LISSIE WAR DERART benebelt, dass sie mich erst nicht bemerkte, als ich an sie herantrat. Die beiden Mädels neben ihr schienen erleichtert, kaum dass ich vor ihnen stand. Meine Verwirrung stieg mit jeder Sekunde.

„Lissie?", fragte ich und versuchte, ihren Blick einzufangen. „Ist alles in Ordnung?"

Die Art und Weise, wie ihre Pupillen verloren von links nach rechts wanderten, sagte mir bereits, dass es das nicht war.

Eins der Mädchen warf mir einen beinahe panischen Blick zu. „Du kennst sie?"

Verblüfft musterte ich sie. „Ihr etwa nicht?"

Sie schüttelte den Kopf. „Sie saß in der Küche. Jemand meinte, dass ihre Begleitung ihr wohl ziemlich viel zu trinken gegeben hat."

In meiner Magengegend kochte Wut. Wenn jemand etwas bemerkt zu haben schien, warum hatte dann niemand etwas gesagt?

„Wo ist ihre Begleitung jetzt?" Wenn ich einen Namen aufschnappen konnte, würde ich vielleicht einen guten rechten Haken einlegen können, bevor Lissie wirklich noch aus ihren Latschen kippte.

Die beiden Mädchen zuckten nur ratlos mit den Schultern.

Mein Blick glitt zu Lissie, die sich mit der Wange gegen die Wand gelehnt hatte. Ihr kurzes Haar hing ihr ins Gesicht, doch sie schien nicht die Kraft zu haben, es beiseitezustreichen. Was auch immer sie bekommen hatte, musste ziemlich stark gewesen sein, besonders für ihre Gewichtsklasse. An Lissie war so ziemlich nichts dran, das den Alkohol hätte absorbieren können.

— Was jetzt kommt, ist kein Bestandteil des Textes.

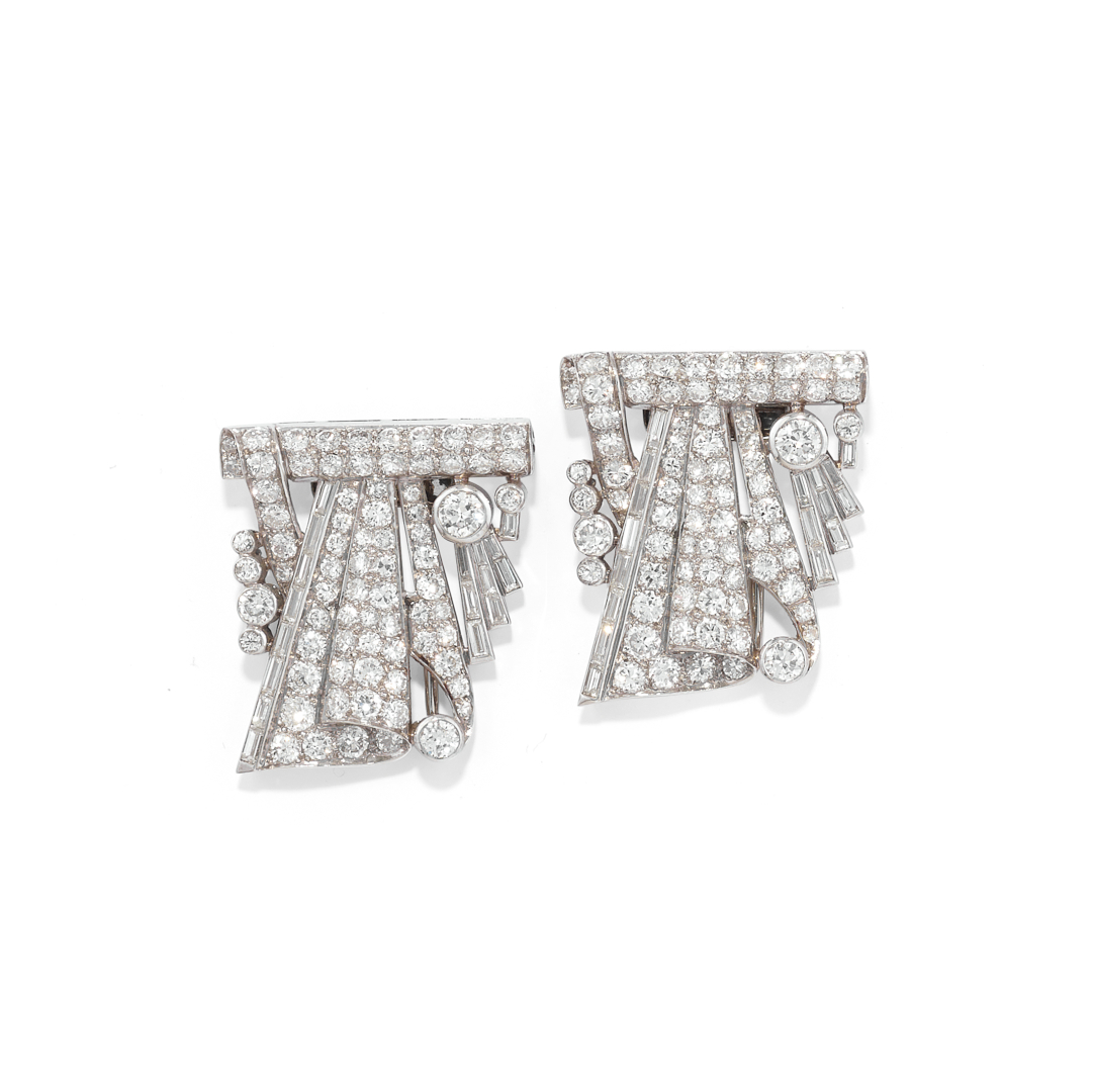 in platinum set with simple-, Old European-cut and baguette diamonds weighing approx. 6.50 ct all together. Of geometric shape, late Deco period. Clip fittings. In Peppino Capuano - Roma original fitted case.
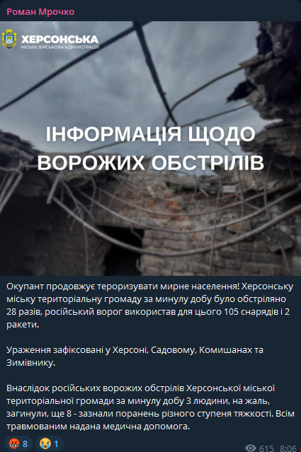 "В результате российских вражеских обстрелов Херсонской городской территориальной громады за минувшие сутки 3 человека, к сожалению, погибли, еще 8 - получили ранения различной степени тяжести. Всем травмированным оказана медицинская помощь", - пишет Мрочко.
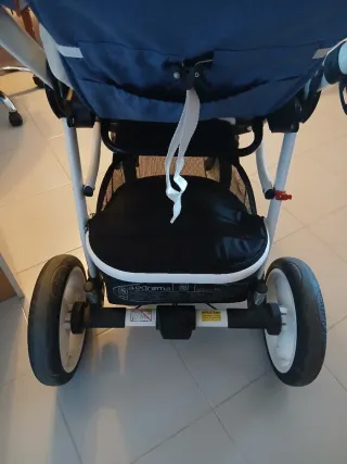 Carro de bebé en color azul y gris, con detalles acolchados. - Marca:Breva(alemana) - Capota amplia. - Asiento reclinable. - Cesta de almacenaje inferior. - Ruedas delanteras giratorias. - Ruedas traseras se quitsn para plegar y asi es mas facil a la hora del coche. - Lleva pada cuando llueve, el protector.

„Also bist du eine ihrer Freundinnen?", fragte eins der Mädchen hoffnungsvoll, als wären sie froh, wenn ich diese Verantwortung von ihren Schultern nehmen konnte.

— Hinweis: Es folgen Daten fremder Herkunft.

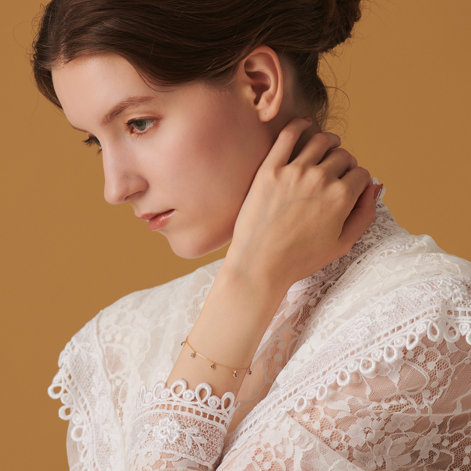 为每一位女性的梦想守护和助威,12月诞生石,精选天然宝石,让手腕间色彩斑斓,闪耀着低调的色彩之美。非常推荐给初次尝试彩色宝石的顾客,通过小小的宝石感受色彩带来的喜悦。而每一颗生日月的宝石蕴藏着守护的能量,为不同年龄、不同人生阶段的女性助喊纳威。手链点缀于腕间,非常华丽灵动。可以和同系列的手链叠戴,也可以和其他手链叠加。色彩×色彩,色彩×金银,玩转色彩搭配之趣。全长:16.5cm
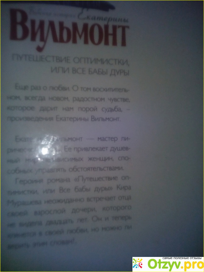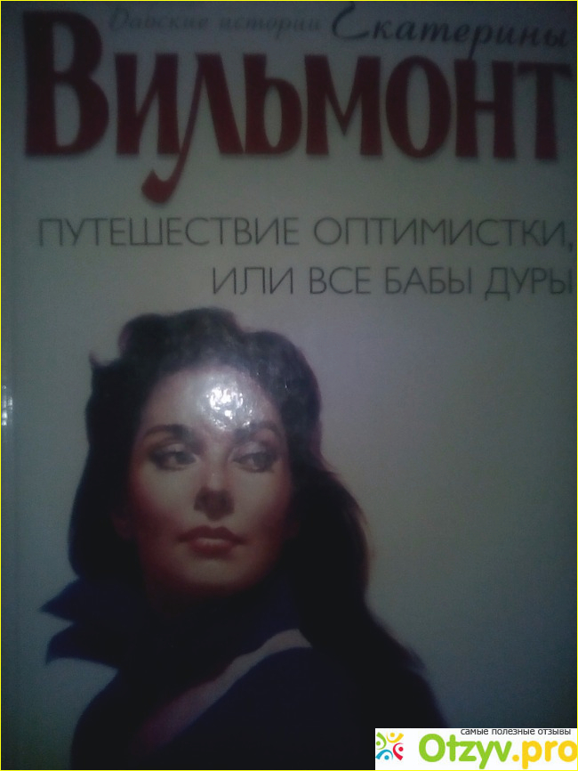 Многие её книги продаются в первой полосе со смешными названиями например:Фиг ли нам красивым женщинам . Или черте что и с боку бантик. Дам названия уже многообещающие . Так бы я и не читала не одной книжки Вильмонт если бы на свой день рождения от подруги не получила в подарок книку этой писательницы издательства Астрель. Её название Путешествие оптимистки или все бабы дуры. Ну и название подумала я но подруга сказала:почитай не пожалеешь. И что вы думаете я стала сразу её читать как бы не так. Положила на книжную полку очень надо мне читать. Но в один прекрасный день я решила хоть немножко вникнуть содержание книги. На обложке написано было Екатерина Вильмонт является мастером лирической прозы , она описывает мир независимых женщин. Пищит душевно о любви о восхитительном и нежном чувстве. В этот раз героиней её рассказа стала 47 летняя Кира Мурашова иллюстратор воспитывающая одна дочь которая в свой 18 вышла замуж и переехала в Израиль. О её любви к женатому человеку который давно расстался с ней и даже не знал что у него есть красавица дочка. Эта женщина бальзаковского возраста поедет к дочери в Израиль , познакомиться в самолёте с обоятельным вдовцом. Дальше с ним заведует курортный роман, получит предложение от него руки и сердца. И будет парить от любви когда вдруг на горизонте появится её давняя любовь и отец взрослой дочери, который будет просить прощения. И говорить что любит её. А какое решение примит Кира с кем ей быть можно узнать только в самом конце. Могу сказать читается роман легко здесь находится много места и юмору, и романтики. И даже загадочности эту книгу я прочитала на одном дыхании. Конечно она подходит для людей более старшего возраста но я в восторге от занятного Стива. Также мне понравились встречи главной героини с бывш
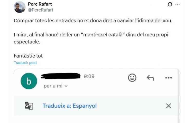 Sin embargo, a Rafart esta petición no le ha gustado porque, según ha comentado, no tienen derecho a cambiar el espectáculo. "Comprar todas las entradas no te da derecho a cambiar el idioma del show. Y mira, al final tendré que hacer un ‘mantengo el catalán’ dentro de mi propio espectáculo", ha sentenciado, acabando su tuit con un irónico "fantástico todo".
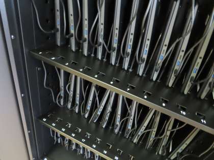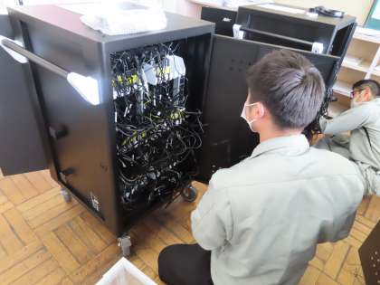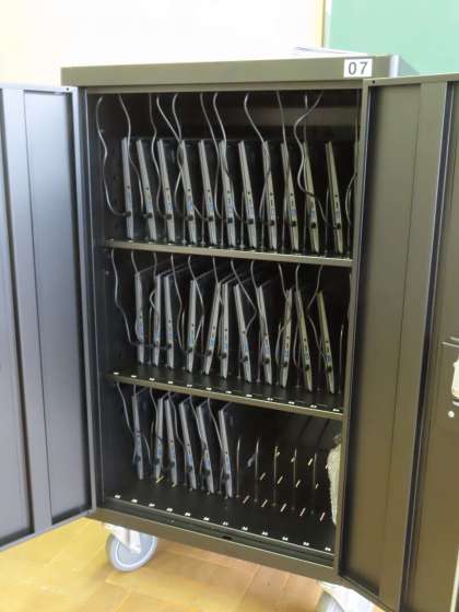 充電保管庫にコンセントをセットし、ケーブルでつなぎ充電できるようセットしていました。一台の保管庫には、ひとクラス分の端末が入ります。
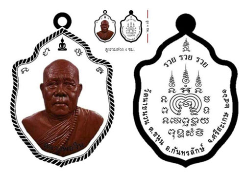 ท่านจะอวยพรลูกศิษย์ว่า ดี ดี ดี รวย รวย รวย จึงได้นำคำอวยพรของท่าน มาบรรจุไว้ด้านหลังเหรียญ
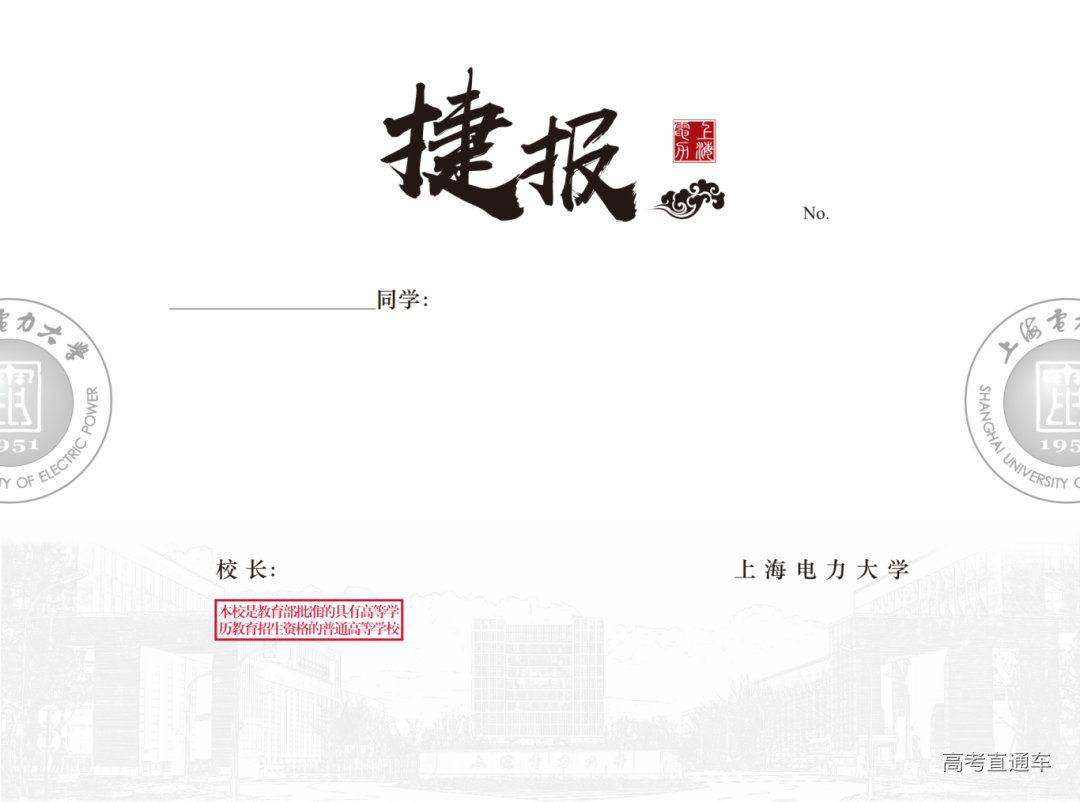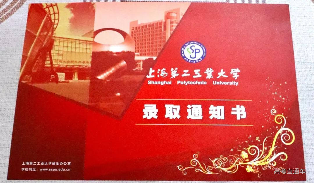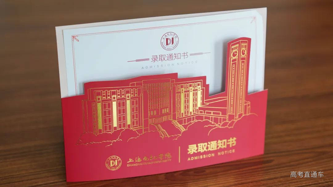 上海电力大学录取通知书以金色和红色为主色调,传递着喜悦与自豪。通知书上印着的学校校徽、校园标志性建筑与“爱国勤学 务实奋进”的校训,在鲜艳色彩的映衬下,显得气势恢宏。

Ich hatte keine Ahnung, wo Lissie wohnte. Ich wusste nicht, wie ich sie nach Hause bringen sollte, wenn ich selbst zu Fuß gekommen war. Eine Möglichkeit wäre, sie mit zu mir zu nehmen, doch so, wie sie gerade bereits im Stehen wankte, sah ich darin nur wenig Erfolgschancen. Ich bezweifelte jedoch, dass die beiden Mädchen mir eine große Hilfe sein würden.

Mit einem Nicken in ihre Richtung entließ ich sie. „Schon gut, ich kümmere mich um sie."

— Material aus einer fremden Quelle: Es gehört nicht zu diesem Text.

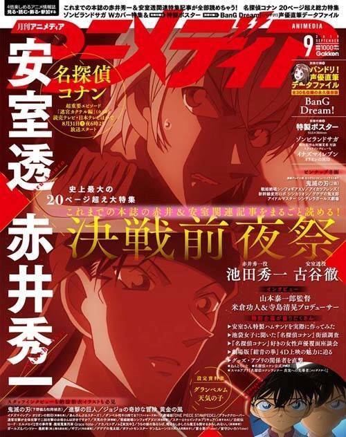 アニメディアは1981年創刊のアニメ総合情報誌であり、本年7月号を持って、創刊38周年を迎えました。創刊38周年のなかで発売前に重版を決定したのはアニメディア史上初めてです。アニメディア9月号では、若いアニメファンを中心に幅広い世代から注目を集めているアニメ『名探偵コナン』を表紙&巻頭特集で取り上げています。本特集では8月31日(土)夜6時より放送される『名探偵コナン』の超重要エピソード「迷宮カクテル編」(全3話)の見どころを、同編に出演する人気キャラクター・赤井秀一役の池田秀一さん、安室透役の古谷徹さんのコメントとあわせて徹底紹介。
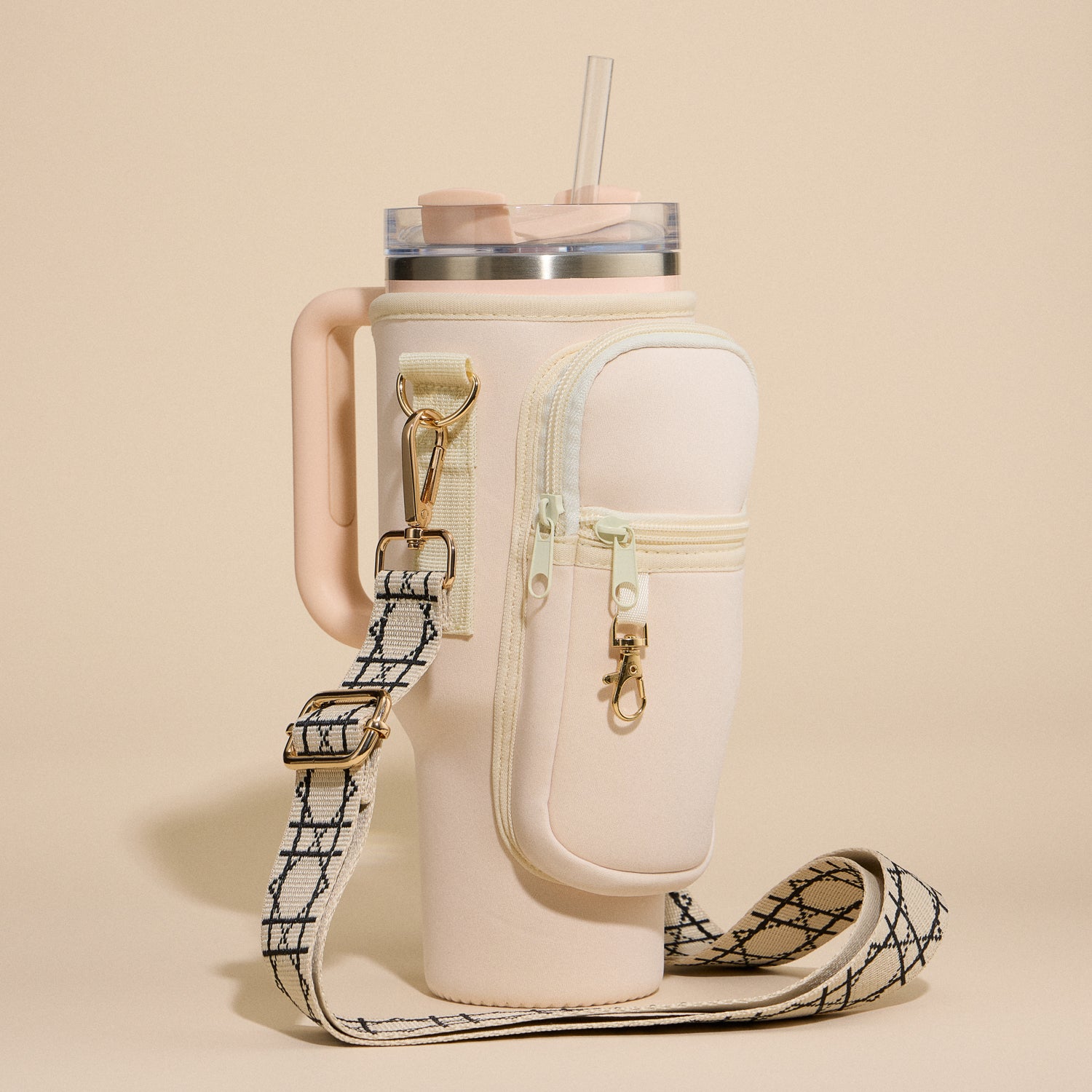Stay hands-free and hydrated in style with this neoprene tumbler crossbody bag. Designed to fit your favorite tumbler snugly, it features a zippered pocket, built-in straw hole, and an adjustable shoulder strap for comfortable wear on the go. Whether you're running errands, heading to the gym, or out for a walk, this bag keeps your drink secure and your essentials within reach.

Die beiden ließen es sich nicht zweimal sagen. Ich trat an Lissie heran, die sich merkwürdig fiebrig und eiskalt zugleich anfühlte. Einen ihrer Arme schlang ich um meine Schulter, um sie von der Wand entfernen zu können, ohne, dass sie geradewegs nach vorne kippte.

„Hey", meinte ich und schob ihr ein paar Haarsträhnen aus dem Gesicht. „Hey, Lissie. Verstehst du mich?"

Ihre Augen brauchten einige Sekunden, um sich auf mich fokussieren zu können. Wie eine Kameralinse, die Probleme dabei hatte, sich scharf zu stellen. „Lola?"

Etwas erleichtert, dass sie mich in ihrem Zustand überhaupt erkannt hatte, schenkte ich ihr ein Lächeln. „Wie fühlst du dich?"

Sie verzog das Gesicht, als würde allein der Gedanke ihr Qualen bereiten. Es war sehr lange her, seitdem ich das letzte Mal so tief ins Glas geschaut hatte, doch ich erinnerte mich daran, dass es nicht besonders angenehm war, wenn man das Gefühl hatte, auf einem kleinen Ruderboot den Atlantik zu überqueren.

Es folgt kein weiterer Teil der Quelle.